**EXERCISE DESCRIPTION:** Looking at the records below, say how many lines include "with", and add nothing else.

[Records drawn from a dataset]

[Start of section]

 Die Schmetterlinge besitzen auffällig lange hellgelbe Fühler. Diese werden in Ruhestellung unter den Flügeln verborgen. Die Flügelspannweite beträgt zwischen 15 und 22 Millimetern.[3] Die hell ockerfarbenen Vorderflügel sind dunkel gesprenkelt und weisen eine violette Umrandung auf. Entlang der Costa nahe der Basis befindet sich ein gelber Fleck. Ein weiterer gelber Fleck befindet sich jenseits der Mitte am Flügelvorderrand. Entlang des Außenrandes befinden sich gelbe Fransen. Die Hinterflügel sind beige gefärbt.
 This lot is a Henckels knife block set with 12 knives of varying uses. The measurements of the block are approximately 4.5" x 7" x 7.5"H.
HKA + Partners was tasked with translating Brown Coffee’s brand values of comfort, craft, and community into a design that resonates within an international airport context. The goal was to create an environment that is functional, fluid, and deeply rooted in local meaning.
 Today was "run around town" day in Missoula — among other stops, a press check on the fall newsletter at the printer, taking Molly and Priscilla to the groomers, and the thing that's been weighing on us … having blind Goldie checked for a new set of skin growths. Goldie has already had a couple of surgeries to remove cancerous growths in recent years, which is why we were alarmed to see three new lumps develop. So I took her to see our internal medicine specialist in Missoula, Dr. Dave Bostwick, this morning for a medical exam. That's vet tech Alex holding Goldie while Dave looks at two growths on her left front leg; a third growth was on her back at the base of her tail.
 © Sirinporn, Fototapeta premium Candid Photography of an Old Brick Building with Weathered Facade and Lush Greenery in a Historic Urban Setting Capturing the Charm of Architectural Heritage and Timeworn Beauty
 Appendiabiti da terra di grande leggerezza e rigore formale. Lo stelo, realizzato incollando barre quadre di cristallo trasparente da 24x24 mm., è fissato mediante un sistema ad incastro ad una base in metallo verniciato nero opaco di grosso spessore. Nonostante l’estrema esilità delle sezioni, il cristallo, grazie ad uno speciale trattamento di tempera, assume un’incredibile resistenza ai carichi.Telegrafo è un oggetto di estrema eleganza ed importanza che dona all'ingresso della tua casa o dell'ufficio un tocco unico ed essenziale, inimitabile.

[End of section]

**WRITTEN REPLY:** 3